— EXERCISE DESCRIPTION —
Write out only the lines from the line containing "INFOGRAFÍA HOJA DE" to the end of the listing below, both included, exactly as they stand. Drop the pictures.

— PROVIDED MATERIAL —
::::::::

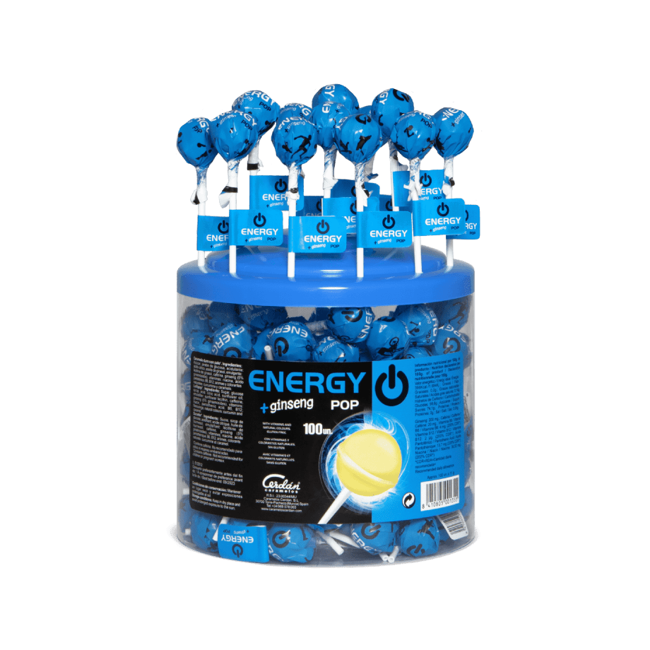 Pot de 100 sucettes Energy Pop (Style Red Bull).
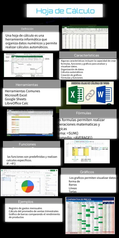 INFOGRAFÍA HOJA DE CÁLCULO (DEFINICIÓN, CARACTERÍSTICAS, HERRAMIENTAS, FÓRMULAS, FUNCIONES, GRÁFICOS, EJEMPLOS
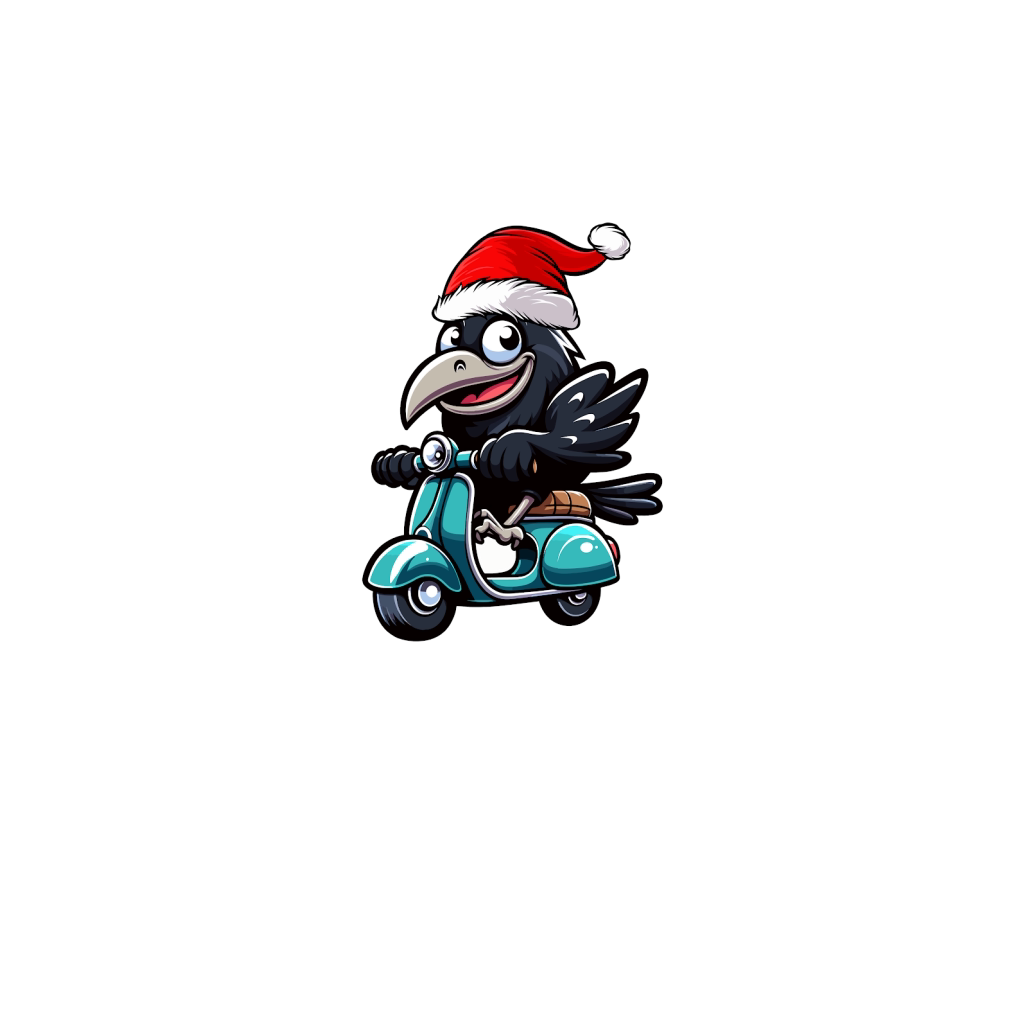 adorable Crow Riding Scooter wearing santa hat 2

::::::::

— TASK OUTPUT —
 INFOGRAFÍA HOJA DE CÁLCULO (DEFINICIÓN, CARACTERÍSTICAS, HERRAMIENTAS, FÓRMULAS, FUNCIONES, GRÁFICOS, EJEMPLOS
 adorable Crow Riding Scooter wearing santa hat 2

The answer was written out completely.